“Bu kadarı da olmaz” demeyin, oluyor…

Dr. Uğur TANDOĞAN NOT DEFTERİ

Bir film

Yönetmeliğini Frank Capra’nın yaptığı klasik bir film vardır. Film 1939 yılında “En iyi film”, "En iyi yönetmen“ ve “En iyi aktör” olmak üzere 11 dalda aday gösterilmiş ve “En Orijinal Öykü” dalında Oscar ödülünü almıştır. Amerikan Temsilciler Meclisi tarafından “kültürel, tarihsel ve estetik olarak önemi” nedeniyle  1989 yılında ABD Ulusal Film Arşivi'ne eklenmiştir. Başrol oyuncusu James Steward bu film ile yıldız statüsüne yükselmiştir.

Filmin konusu ilginçtir. Bir eyaletin ölen senatörü yerine geçici görevle birisi senatör olarak atanacaktır. İzcilerin Başkanı Jefferson Smith, kolay yönetilecek birisi olarak görülür ve senatör olarak eyalet valisi tarafından atanır. Jefferson Smith, dürüst ve idealleri olan biridir. Çiçeği burnunda Senatör Smith saflığı ile Washington medyasının alay konusu olur. Senatör Joseph Paine, genç Senatör Smith’in ölen babasının eski arkadaşıdır ve onun hamisi olur. Fakat Senatör Paine medya patronu Jim Taylor’un emri altındadır; siyasal olarak kirli birisidir. Paine, oyalansın da başka işlere bulaşmasın diye Jefferson’dan bir kanun teklifi hazırlamasını ister. O da kanun teklifini hazırlar. Bu teklife göre Federal Hükümet kredi verecek ve bu parayla bir arazi alınacaktır. Araziye izci kampı kurulacaktır. Ülke çapında toplanan paralarla alınan kredi geri ödenecektir. Bu projeyi öğrenen izciler ülkenin dört bir yanında para toplamaya başlarlar. Ancak bir çıkar çatışması ortaya çıkar. Çünkü izci kampı olarak seçilen arazi bir baraj projesinin içinde kalmaktadır. Bu proje de medya patronu Jim Taylor ve dolayısıyla Senatör Paine’nin bağlantılı olduğu çıkar çetesine aittir. Senatör Paine, genç Senatör Jefferson Smith’ den yasayı geri çekmesini ister. İdealist Smith buna evet demez. Bunun üzerine Jefferson Smith’i senatodan ihraç için bir komplo düzenlenir. Senatör Paine de bu komplonun bir parçası olur. Mr. Smith, senatoda suçsuzluğunu savunmak için durmaksızın 24 saat konuşur. Bunu canlandıran James Steward’ın performansı müthiştir. Sonunda Mr. Smith kazanır.
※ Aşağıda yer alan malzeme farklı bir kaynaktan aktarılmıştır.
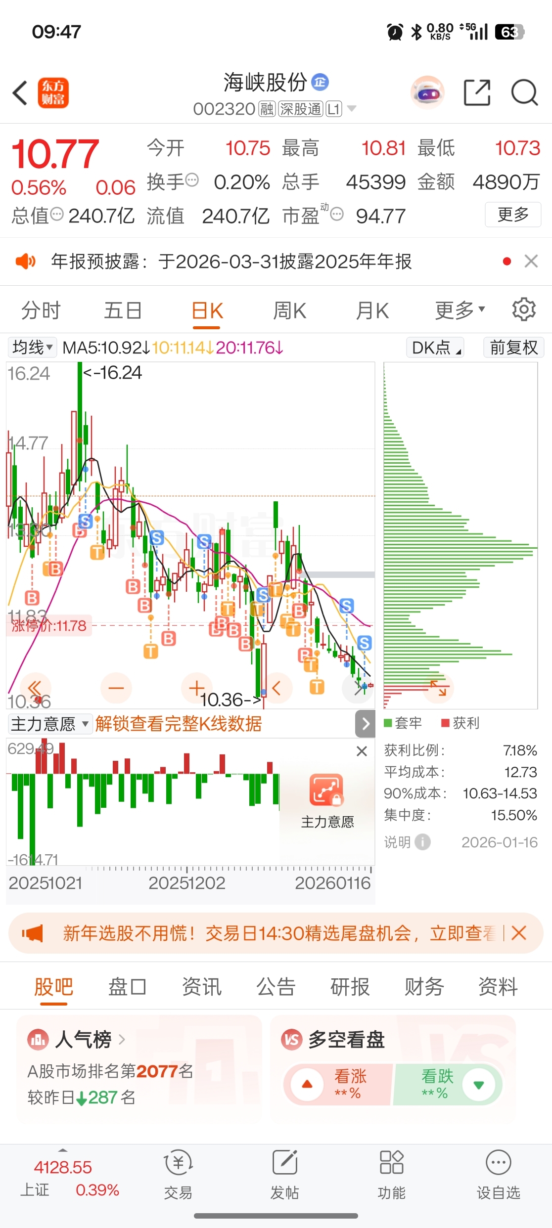 $海峡股份(SZ002320)$ 这种行情,t也t飞,亏20个点,放着等春节后了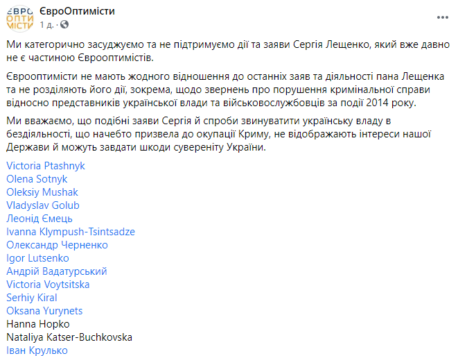 Еврооптимисты не имеют никакого отношения к последним заявлениям и деятельности господина Лещенко и не разделяют его действия, в частности, по обращениям о возбуждении уголовного дела в отношении представителей украинской власти и военнослужащих за события 2014 года.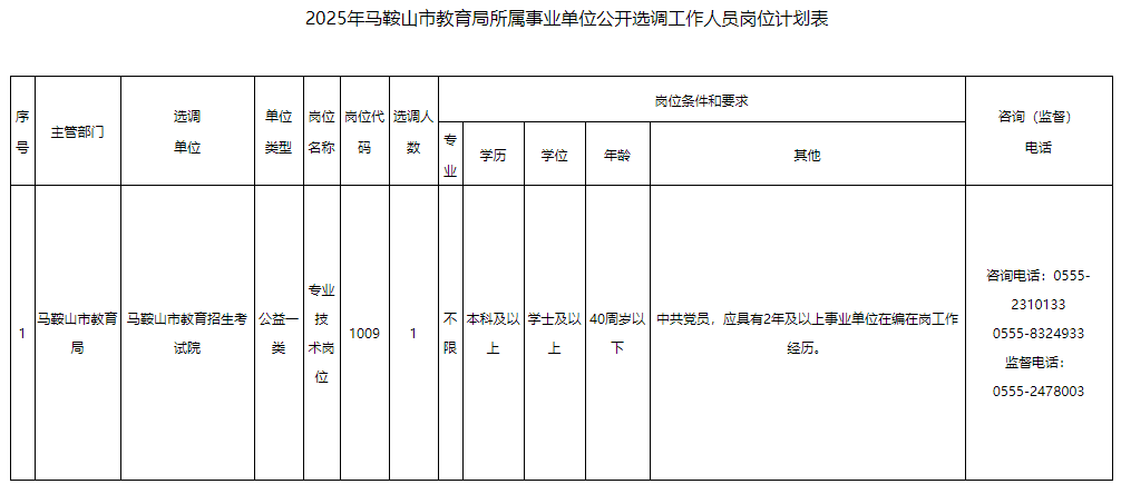 本次計劃面向全省教育系統(tǒng)公開選調(diào)事業(yè)單位工作人員1名。具體崗位及選調(diào)資格條件見《2025年馬鞍山市教育局所屬事業(yè)單位公開選調(diào)工作人員崗位計劃表》 (見附件)。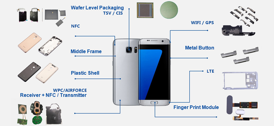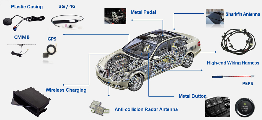 Our products include mobile smart terminal antennas, precision structural parts, wireless charging products, fingerprint and sensor modules, advanced semiconductor packaging, testing and intelligent detection equipment and products in other fields. Our products are mainly used in mobile phones, tablets, wearable devices, laptops, automobiles, unmanned aerial vehicles, security monitoring and other fields.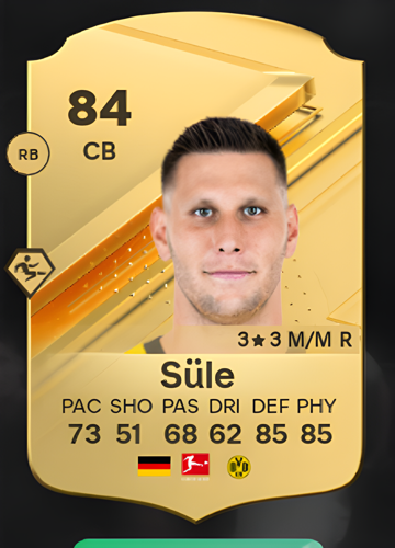 In the realm of virtual football, where defensive prowess is as crucial as offensive flair, Niklas Süle's Rare card stands out as a bastion of strength and reliability. As a Center Back with an impressive overall rating of 84, Süle's card boasts a formidable defense rating of 85 and a matching physicality score, making him an immovable object at the heart of the defense. With a pace rating of 73, he is more than capable of keeping up with swift attackers, while his passing rating of 68 allows for initiating counter-attacks from the back. Although not known for his shooting or dribbling, with respective ratings of 51 and 62, Süle's card offers a significant advantage in his position; his sheer defensive presence and physical dominance can help players maintain a clean sheet and control the tempo of the game, ultimately leading to victory on the virtual pitch.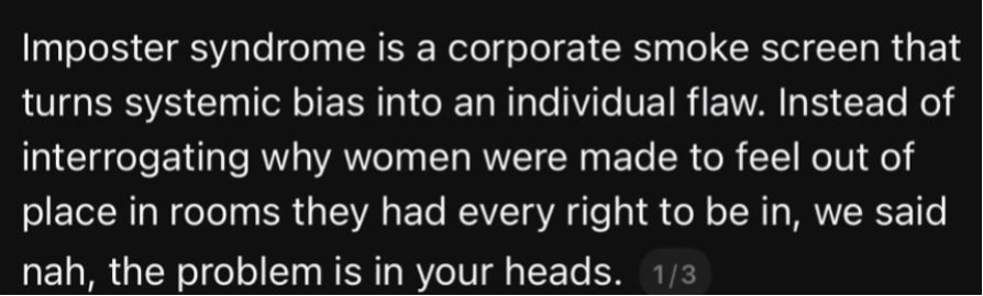 Perspective change: shift the goals around impostor syndrome. Focus on muting rather than eliminating the negative voices.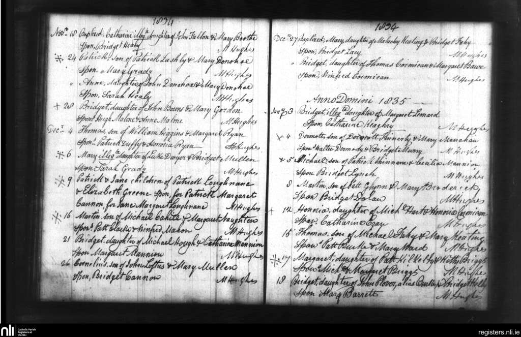 New Inn; County of Galway; Diocese of Clonfert. Baptisms, Nov. 1834 to Jan. 1835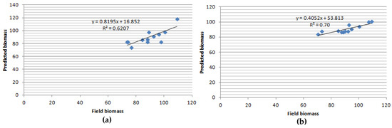 Comparisons between the field AGB and predicted AGB derived from Optical and SAR data: (a) modelling by Optical data, (b) modelling by SAR data.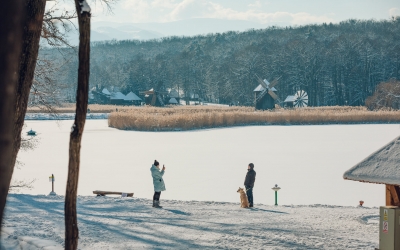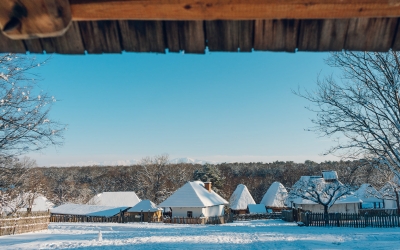 FOTO/VIDEO Muzeul Satului sub prima ninsoare: Este suficientă zăpadă pentru săniuș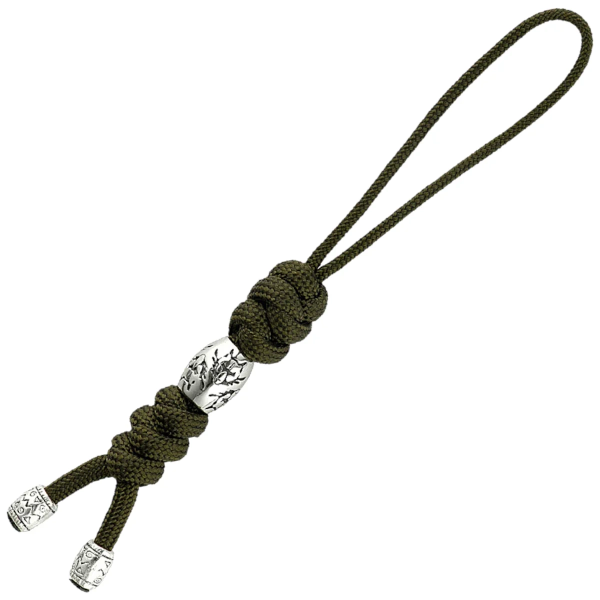 M-Tac Zeus Stainless Steel Olive, a tag for knife, flashlight, keychain, made of paracord, finished with a metal bead with a Greek pattern. In addition to its aesthetic value, it extends the handle of the knife, making it easier to take it out of the pocket. It also excels as an extension of the zipper in a jacket, allowing comfortable use of the zipper even with thick gloves.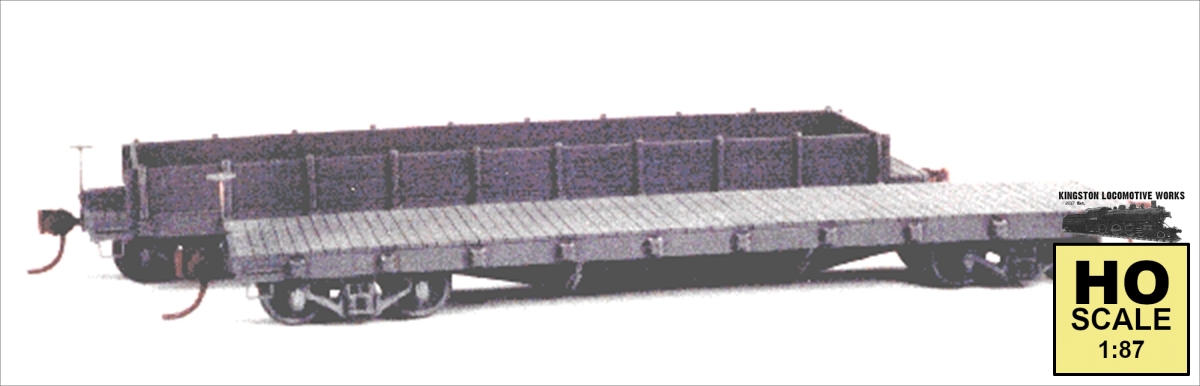 40' STEEL FLAT WITH PARTS FOR LOW SIDE WOOD GONDOLA ERA 1916 TO PRESENT INJECTION MOLDED STYRENE KIT. Builds one car (both possible styles shown). Couplers not included. |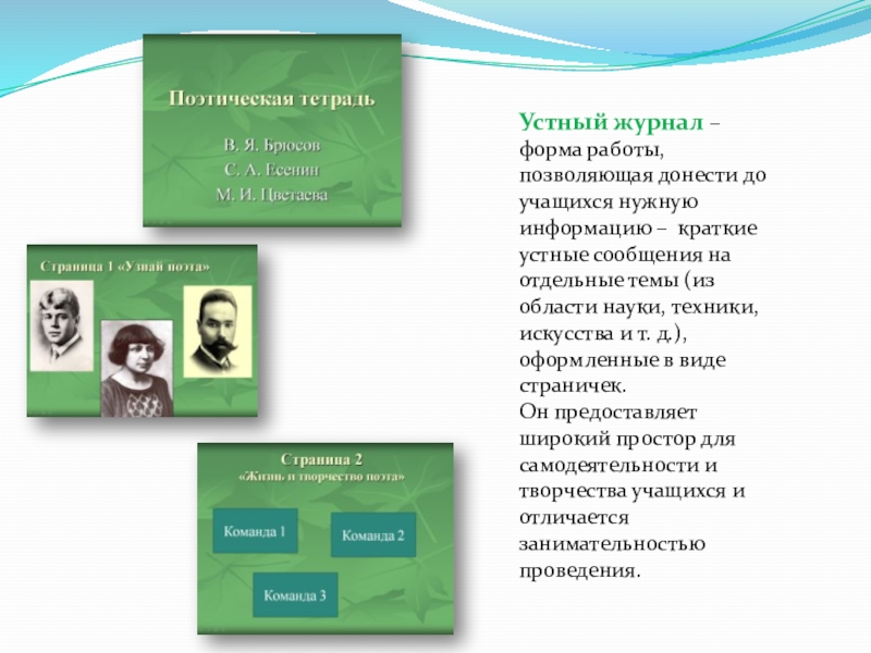 Слайд 18Устный журнал – форма работы, позволяющая донести до учащихся нужную информацию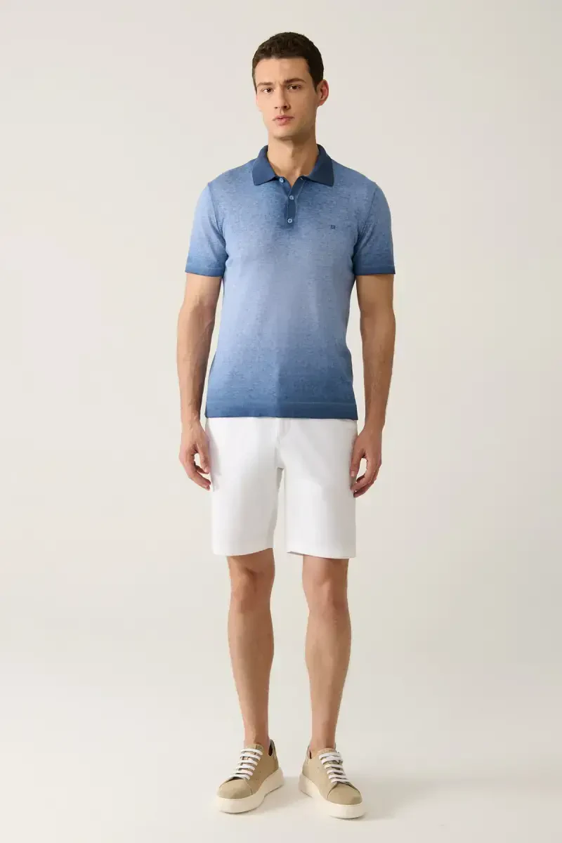 Men's knitted t-shirt, indigo polo collar, dye effect t-shirt, 3-button t-shirt, men's clothing, modern men's t-shirt, stylish men's t-shirt, comfortable knitwear, cotton t-shirt, men's fashion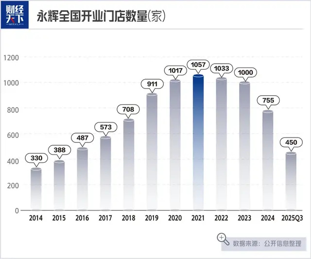 與業(yè)績大幅下滑相對(duì)應(yīng)的是門店數(shù)量持續(xù)萎縮,截至9月末,永輝超市全國門店數(shù)量僅剩450家,相比巔峰時(shí)期的1057家大幅減少,相當(dāng)于回到了大幅擴(kuò)張前的水平。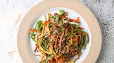 너무 얇지 않게 0.3~0.5mm 두께로 썰어주세요. 표고버섯은 슬라이스, 느타리버섯은 쭉쭉 찢어주고요파프리카도 채를 썰어줍니다. 당근으로 대체해도 되어요. 당근 굵게 채썰어 준비하시면 되어요. 시금치는 밑동제거 씻어서 준비, 시금치는 4~5 뿌리정도 한 줌 준비하시면 되어요. 시금치 대신 부추도 괜찮습니다. 초록색이면 대체 가능해요. 돼지고기를 이용하여도 밑간양념은 동일합니다. 채 썬 고기 200g당 진간장 1.5, 설탕 0.5, 참기름 0.5, 다진 마늘 0.5, 후추 약간 넣어 버무려 야채들 볶을 동안 양념이 배게 재워두세요.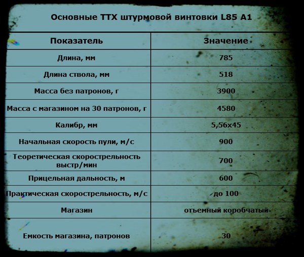 Так или иначе, штурмовая винтовка L85 A1, некоторыми аналитиками одно время признававшаяся одной из самых неудачных систем огнестрельного оружия в мире, уже свыше двадцати лет состоит на службе армии Великобритании, Королевской морской пехоты, Королевского ВМФ, Королевских ВВС, подразделений территориальной армии, а также Министерства гражданской обороны. В ходе операции «Буря в пустыне» винтовка уже имела статус основного оружия военнослужащих британского контингента и, по уверениям пользователей, показала себя неплохо. Источник http://lockwork.ru/shturmovaya-vintovka-l85/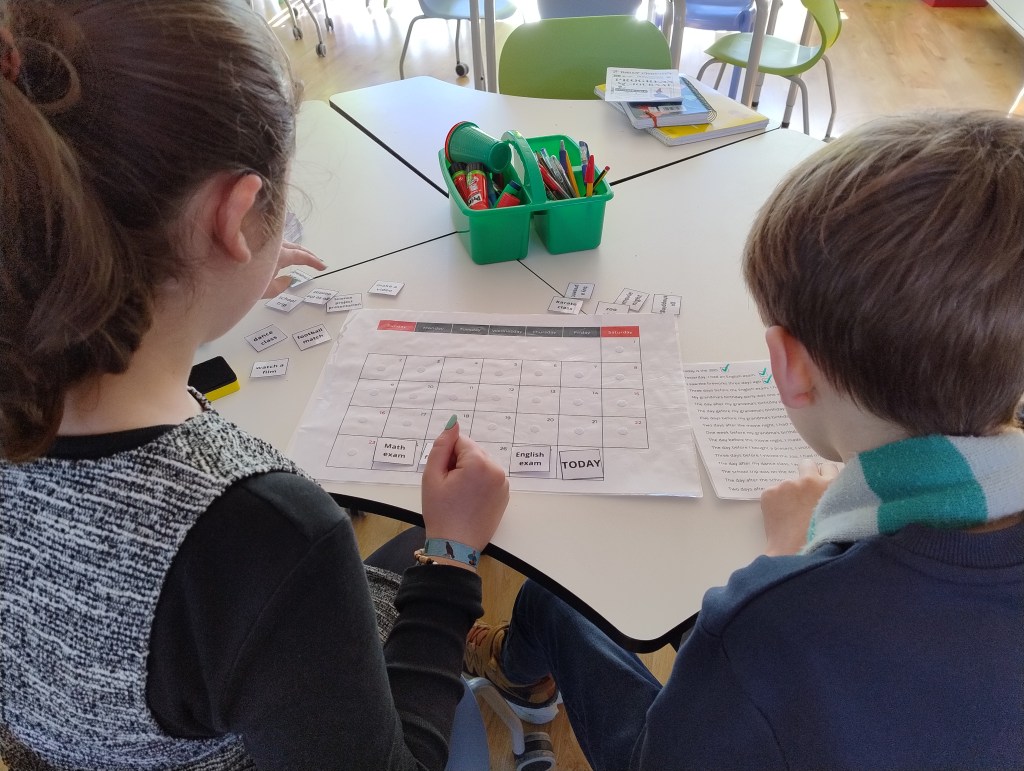 Group Quiz: Each group was asked a question, such as “Which activity happened three weeks ago?” They had to find the correct answer using the calendar. If they were wrong, the next group got a chance to answer. Groups earned extra points for their Hogwarts houses by answering correctly.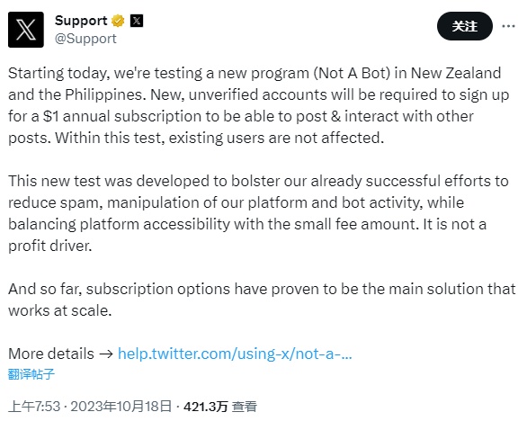 智通财经APP获悉,马斯克旗下社交媒体平台X周三宣布,将在新西兰和菲律宾测试一个新项目。新的、未经验证的帐户将需要缴纳1美元的年订阅费才能发帖和与其他帖子互动。在此次测试中,现有用户不受影响。X表示,这不是利润驱动的,而是为了减少垃圾邮件、自动机器人账户和对其服务的操纵。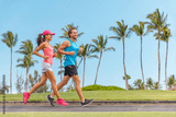 Sport fitness runners couple running lifestyle. Healthy people jogging together in summer city park outdoor, athletes training cardio on sidewalk.

Bu film, meşhur “Mr Smith Washington’a Gidiyor” (Mr. Smith goes to Washington) filmidir. Şimdi yine 34 yaşında bir genç adam, “Mr. Santos Washington’a gitti”. Ama bu gidiş Mr Smith gidişine benzemiyor.

Hangi George Santos?

George Santos, New York Eyaleti’nin Üçüncü Bölgesi’nden ABD Temsilciler Meclis’ine Cumhuriyetçi olarak seçildi. Kendisini şöyle tanımlamış: “Amerikan Rüyası’nın ete-kemiğe bürünmüş hali”. Brezilya’dan gelmiş yoksul bir ailenin çocuğudur ve ABD Temsilciler Meclisi’ne girmiştir. Bu başarı tanımlanırsa gerçekten bir Amerikan rüyasıdır. Ama ortaya çıkan son gerçeklerden sonra Temsilciler Meclisi’ne girenin hangi George Santos olduğunu merak eder insan. Çünkü seçimlere girerken kendisini seçmene tanıttığı George Santos ile gerçek George Santos birbirinden çok farklıdır; kendisi hakkında söylediği hemen hemen her şey yalandır. Kendisine oy getirecek her sahte girdiye özgeçmişinde yer vermiştir. Nasıl mı, anlatayım.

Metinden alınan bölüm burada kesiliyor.